Segment Open

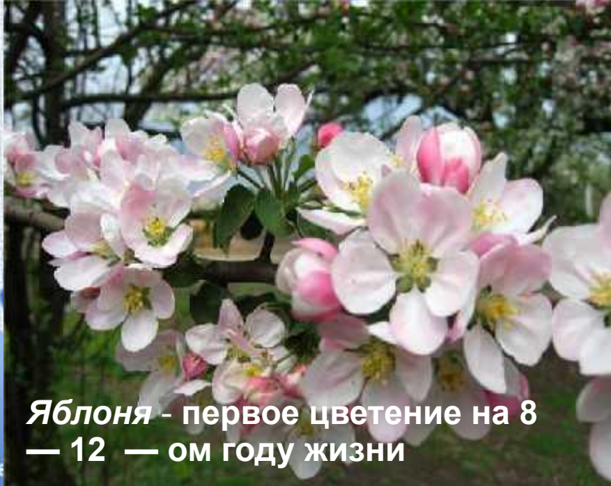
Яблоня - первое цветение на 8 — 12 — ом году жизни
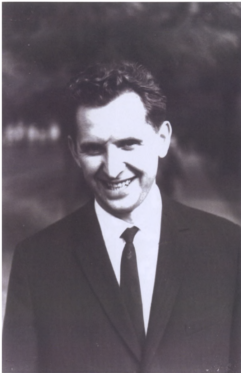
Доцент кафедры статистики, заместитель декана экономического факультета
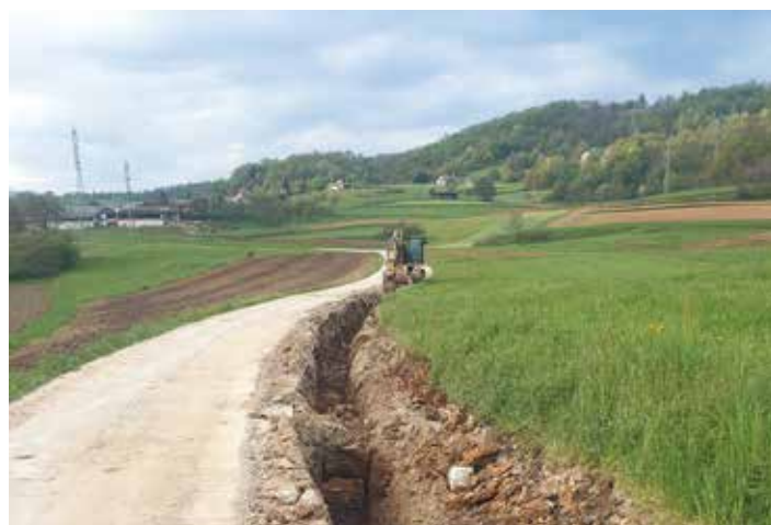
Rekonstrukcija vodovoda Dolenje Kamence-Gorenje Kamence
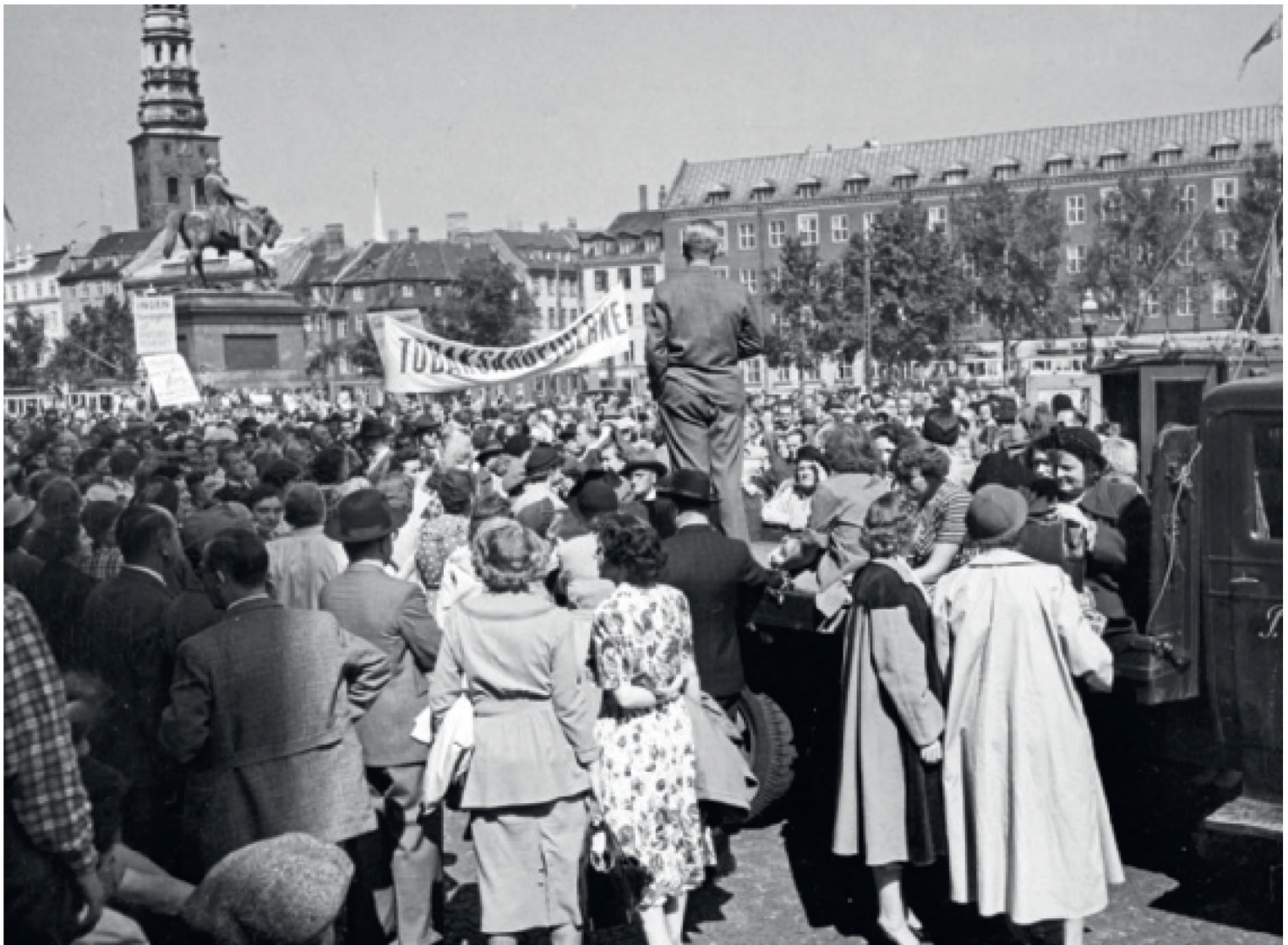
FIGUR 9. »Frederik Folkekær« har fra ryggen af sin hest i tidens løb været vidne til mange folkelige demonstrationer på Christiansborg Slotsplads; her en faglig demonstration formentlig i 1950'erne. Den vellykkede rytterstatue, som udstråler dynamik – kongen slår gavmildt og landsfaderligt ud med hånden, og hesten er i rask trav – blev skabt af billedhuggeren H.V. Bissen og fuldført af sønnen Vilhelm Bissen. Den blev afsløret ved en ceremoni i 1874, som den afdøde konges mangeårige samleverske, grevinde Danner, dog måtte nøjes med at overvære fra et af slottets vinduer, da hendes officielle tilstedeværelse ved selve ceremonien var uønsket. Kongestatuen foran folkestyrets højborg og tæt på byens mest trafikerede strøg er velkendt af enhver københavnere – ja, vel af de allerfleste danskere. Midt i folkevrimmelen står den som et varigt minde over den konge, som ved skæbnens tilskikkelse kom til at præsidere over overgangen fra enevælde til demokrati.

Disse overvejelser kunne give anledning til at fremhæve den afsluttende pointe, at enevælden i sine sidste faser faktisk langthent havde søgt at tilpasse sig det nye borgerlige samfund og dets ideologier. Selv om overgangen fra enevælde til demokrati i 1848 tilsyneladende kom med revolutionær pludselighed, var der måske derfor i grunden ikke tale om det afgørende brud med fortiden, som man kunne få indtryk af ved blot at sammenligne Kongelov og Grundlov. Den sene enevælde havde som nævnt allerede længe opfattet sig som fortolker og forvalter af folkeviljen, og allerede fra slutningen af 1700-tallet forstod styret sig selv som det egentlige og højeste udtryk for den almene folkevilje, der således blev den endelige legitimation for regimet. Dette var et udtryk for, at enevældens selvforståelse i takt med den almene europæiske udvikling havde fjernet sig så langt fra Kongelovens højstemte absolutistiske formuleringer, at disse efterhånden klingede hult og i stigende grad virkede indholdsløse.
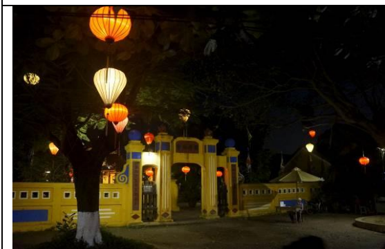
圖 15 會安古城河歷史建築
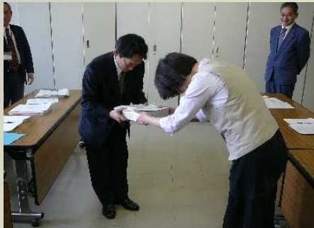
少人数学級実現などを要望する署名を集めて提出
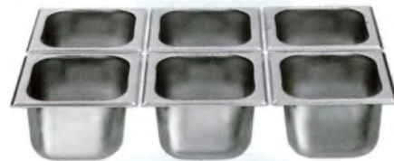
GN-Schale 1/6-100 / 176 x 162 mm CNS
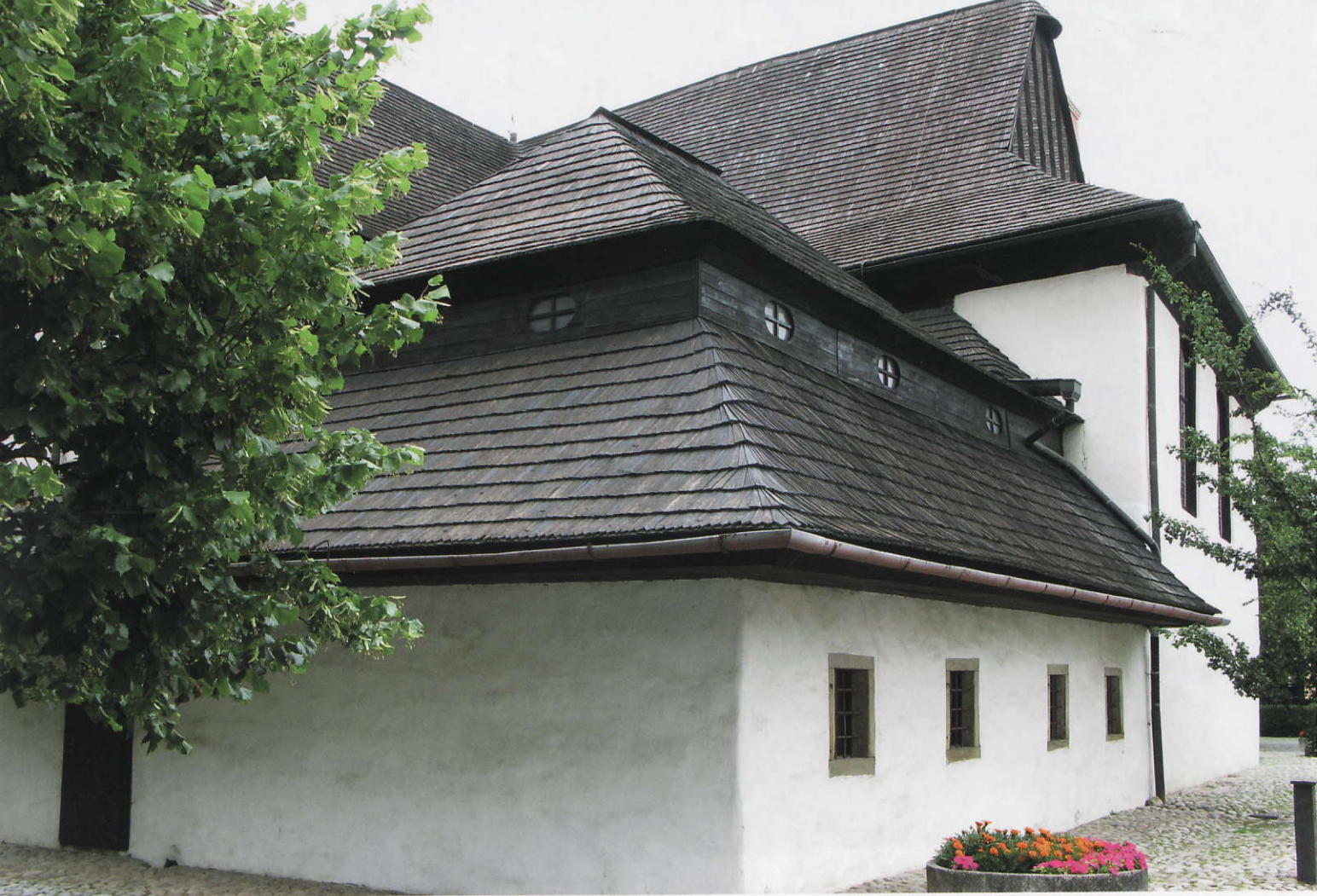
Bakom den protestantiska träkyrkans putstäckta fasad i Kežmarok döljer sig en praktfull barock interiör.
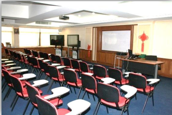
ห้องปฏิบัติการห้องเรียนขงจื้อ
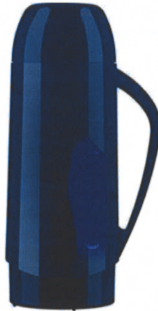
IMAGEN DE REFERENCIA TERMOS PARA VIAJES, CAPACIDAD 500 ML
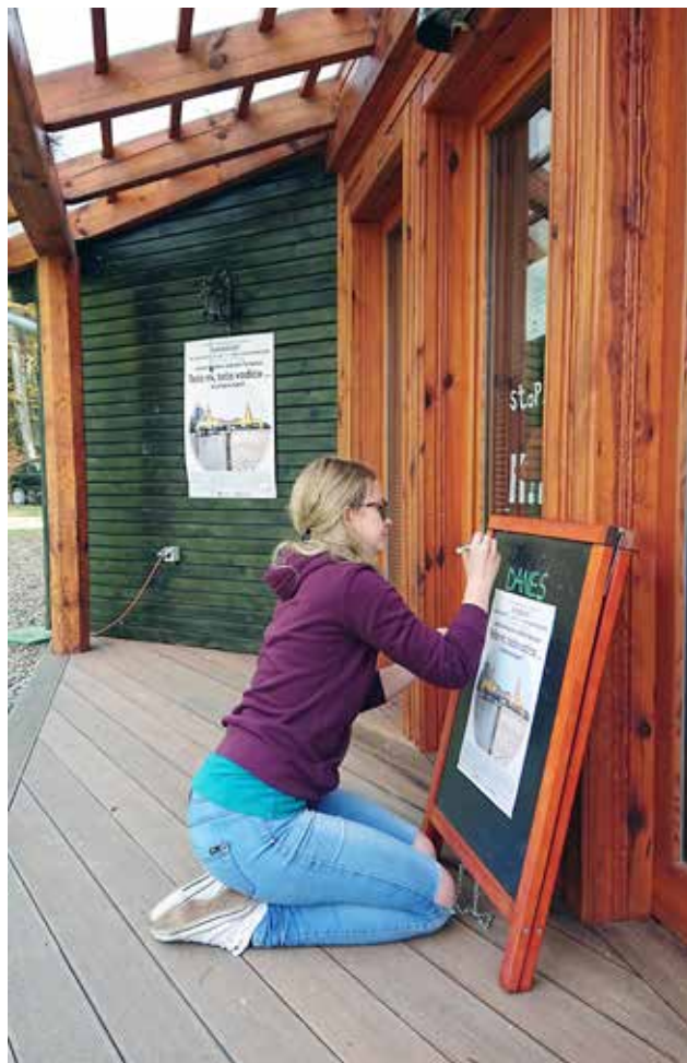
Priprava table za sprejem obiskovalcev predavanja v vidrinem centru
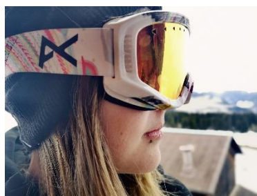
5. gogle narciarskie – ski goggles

Segment Closed

▶ [HOW TO COMPLETE THIS TASK]
Copy the full listing above exactly, apart from the pictures.

▶ [SOLUTION]
Яблоня - первое цветение на 8 — 12 — ом году жизни
Доцент кафедры статистики, заместитель декана экономического факультета
Rekonstrukcija vodovoda Dolenje Kamence-Gorenje Kamence
FIGUR 9. »Frederik Folkekær« har fra ryggen af sin hest i tidens løb været vidne til mange folkelige demonstrationer på Christiansborg Slotsplads; her en faglig demonstration formentlig i 1950'erne. Den vellykkede rytterstatue, som udstråler dynamik – kongen slår gavmildt og landsfaderligt ud med hånden, og hesten er i rask trav – blev skabt af billedhuggeren H.V. Bissen og fuldført af sønnen Vilhelm Bissen. Den blev afsløret ved en ceremoni i 1874, som den afdøde konges mangeårige samleverske, grevinde Danner, dog måtte nøjes med at overvære fra et af slottets vinduer, da hendes officielle tilstedeværelse ved selve ceremonien var uønsket. Kongestatuen foran folkestyrets højborg og tæt på byens mest trafikerede strøg er velkendt af enhver københavnere – ja, vel af de allerfleste danskere. Midt i folkevrimmelen står den som et varigt minde over den konge, som ved skæbnens tilskikkelse kom til at præsidere over overgangen fra enevælde til demokrati.

Disse overvejelser kunne give anledning til at fremhæve den afsluttende pointe, at enevælden i sine sidste faser faktisk langthent havde søgt at tilpasse sig det nye borgerlige samfund og dets ideologier. Selv om overgangen fra enevælde til demokrati i 1848 tilsyneladende kom med revolutionær pludselighed, var der måske derfor i grunden ikke tale om det afgørende brud med fortiden, som man kunne få indtryk af ved blot at sammenligne Kongelov og Grundlov. Den sene enevælde havde som nævnt allerede længe opfattet sig som fortolker og forvalter af folkeviljen, og allerede fra slutningen af 1700-tallet forstod styret sig selv som det egentlige og højeste udtryk for den almene folkevilje, der således blev den endelige legitimation for regimet. Dette var et udtryk for, at enevældens selvforståelse i takt med den almene europæiske udvikling havde fjernet sig så langt fra Kongelovens højstemte absolutistiske formuleringer, at disse efterhånden klingede hult og i stigende grad virkede indholdsløse.
圖 15 會安古城河歷史建築
少人数学級実現などを要望する署名を集めて提出
GN-Schale 1/6-100 / 176 x 162 mm CNS
Bakom den protestantiska träkyrkans putstäckta fasad i Kežmarok döljer sig en praktfull barock interiör.
ห้องปฏิบัติการห้องเรียนขงจื้อ
IMAGEN DE REFERENCIA TERMOS PARA VIAJES, CAPACIDAD 500 ML
Priprava table za sprejem obiskovalcev predavanja v vidrinem centru
5. gogle narciarskie – ski goggles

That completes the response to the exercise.